DATA EXTRACT

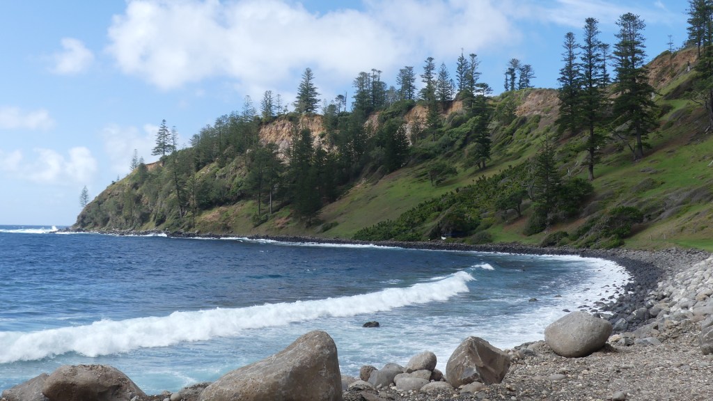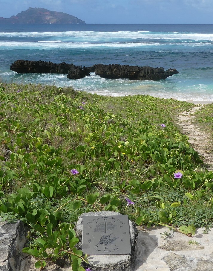 Beside the beach the headland reaches out to Nepean Island and beyond Phillip Island both uninhabited. On this headland is a lone pine tree and hence the name nothing to do with the Dardanelles and the WW1 campaign at Gallipoli. On the other side of Emily Bay is Slaughter Bay and the Sirius monument. HMS Sirius was the flagship of the First Fleet, which set out from Portsmouth, England, in 1787 to establish the first European colony in New South Wales. In 1790, the ship was wrecked on the reef, south east of Kingston Pier, in Slaughter Bay, Norfolk Island and this monument identifies the spot.
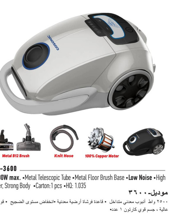 جاروبرقی گوسونیک مدل 3600_GSV یک جاروبرقی کیسهدار با توان 2500 وات و قدرت مکش 420 وات است. این جاروبرقی دارای فیلتر HEPA برای تصفیه هوا است و ظرفیت کیسهاش 5 لیتر است. طول سیم آن 6 متر و شعاع عملکردی آن 8 متر است.
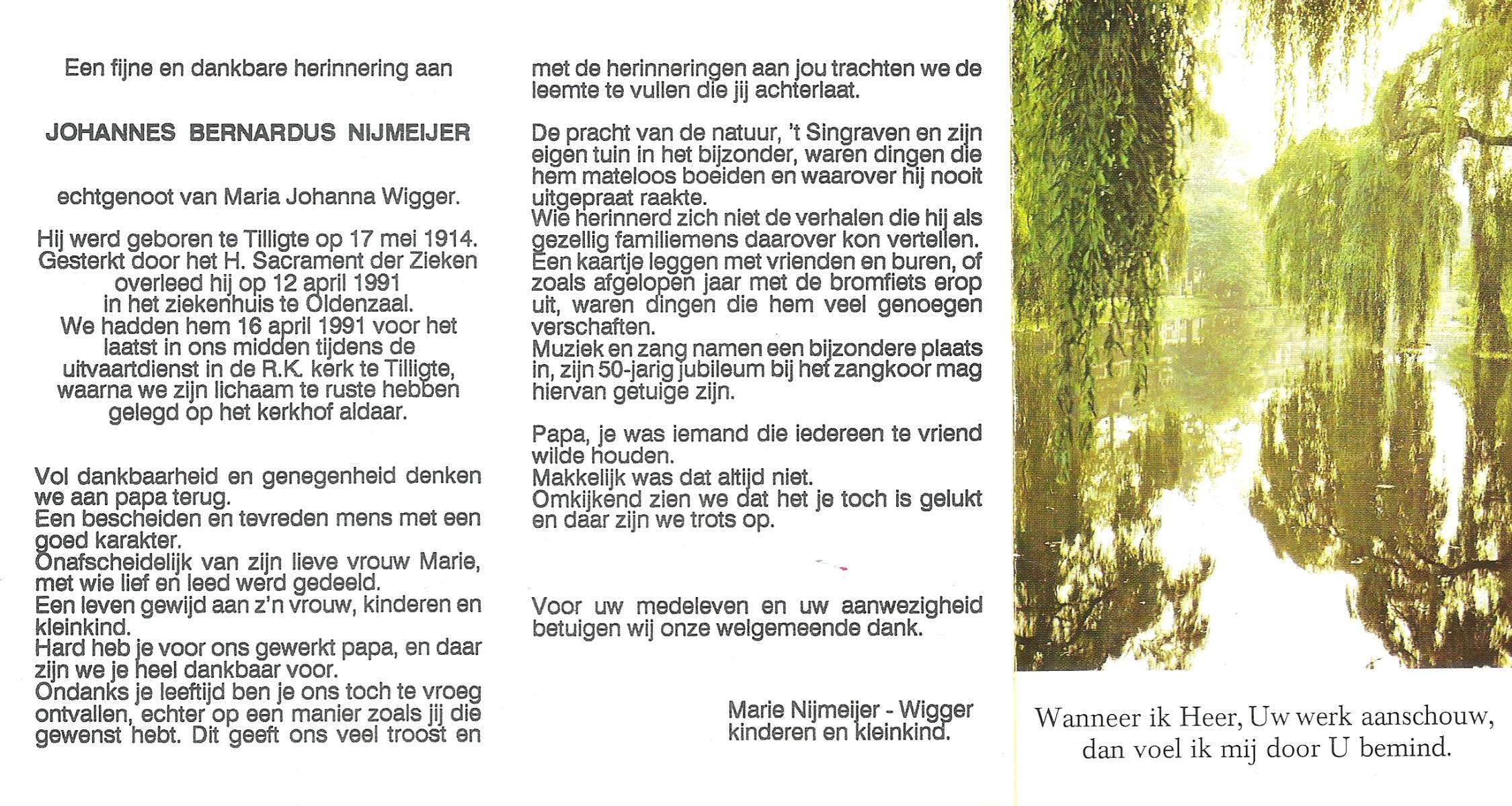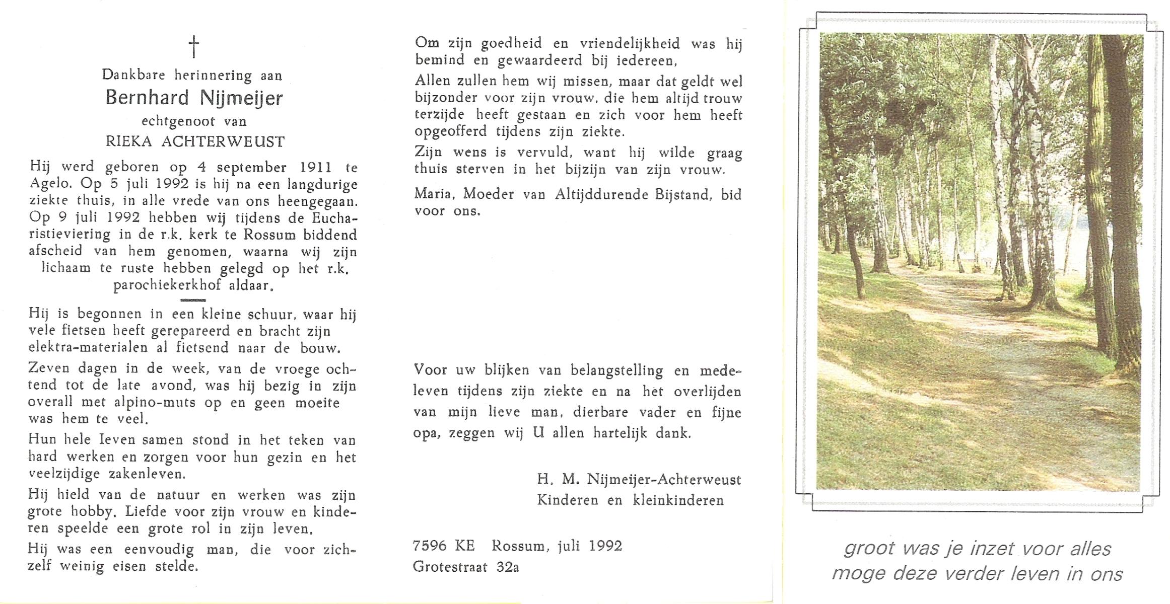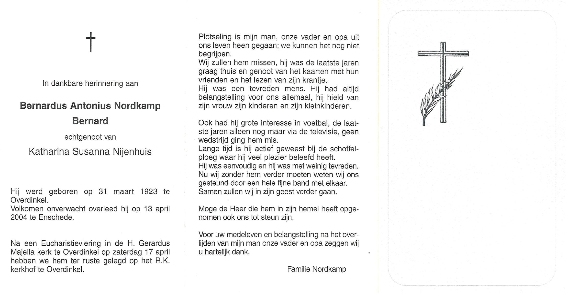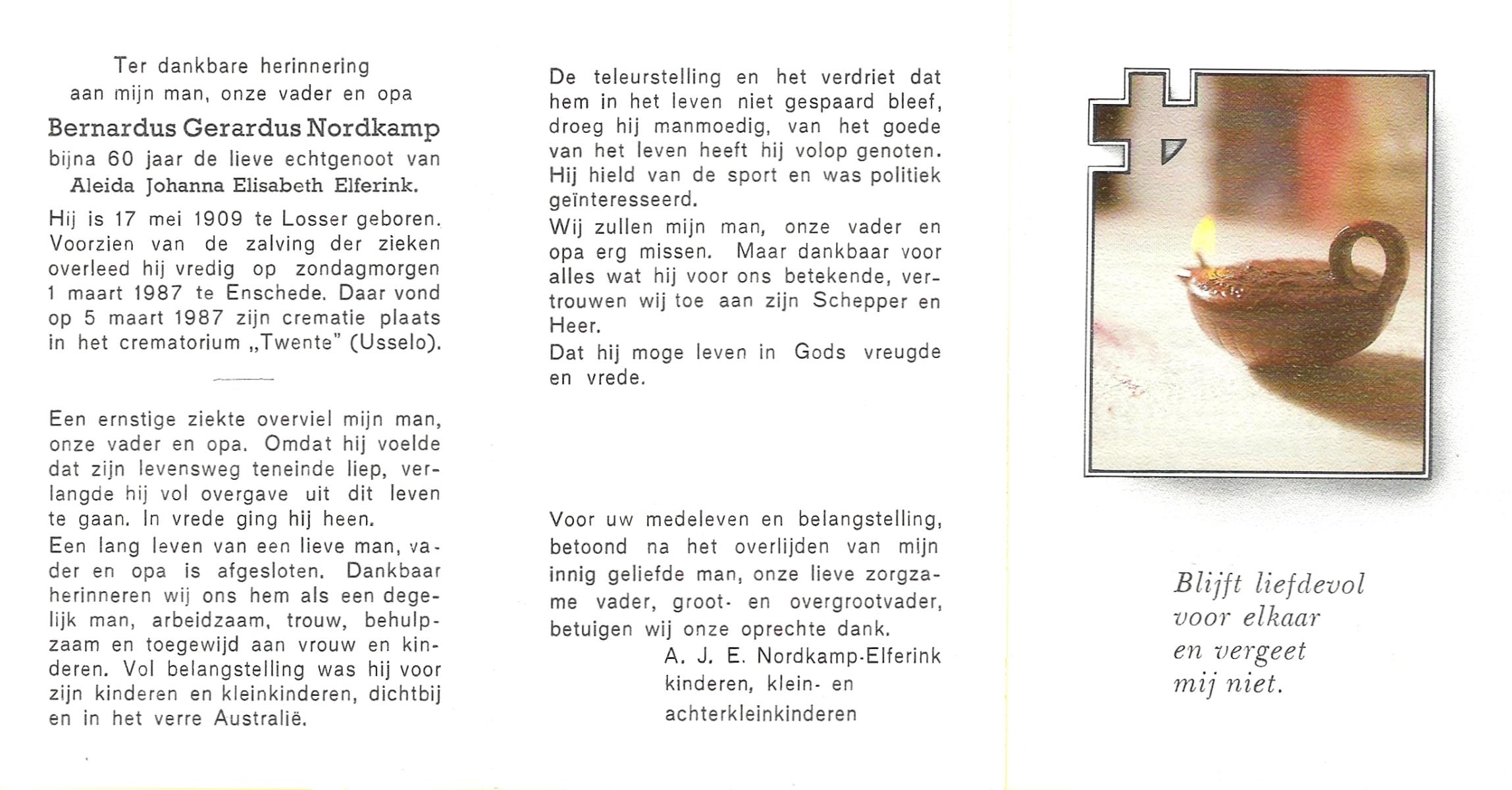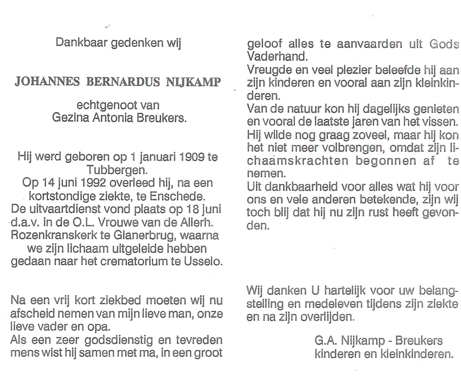 NIJKAMP, Johannes Bernardus, geboren op 1-1-1909 te Tubbergen, overleden op 14-6-1992 te Enschede op 83-jarige leeftijd, gecremeerd op 18-6-1992 te Usselo.

ACTIVITY
Return the data verbatim, leaving out the pictures it holds.

EXERCISE RESPONSE
 Beside the beach the headland reaches out to Nepean Island and beyond Phillip Island both uninhabited. On this headland is a lone pine tree and hence the name nothing to do with the Dardanelles and the WW1 campaign at Gallipoli. On the other side of Emily Bay is Slaughter Bay and the Sirius monument. HMS Sirius was the flagship of the First Fleet, which set out from Portsmouth, England, in 1787 to establish the first European colony in New South Wales. In 1790, the ship was wrecked on the reef, south east of Kingston Pier, in Slaughter Bay, Norfolk Island and this monument identifies the spot.
 جاروبرقی گوسونیک مدل 3600_GSV یک جاروبرقی کیسهدار با توان 2500 وات و قدرت مکش 420 وات است. این جاروبرقی دارای فیلتر HEPA برای تصفیه هوا است و ظرفیت کیسهاش 5 لیتر است. طول سیم آن 6 متر و شعاع عملکردی آن 8 متر است.
 NIJKAMP, Johannes Bernardus, geboren op 1-1-1909 te Tubbergen, overleden op 14-6-1992 te Enschede op 83-jarige leeftijd, gecremeerd op 18-6-1992 te Usselo.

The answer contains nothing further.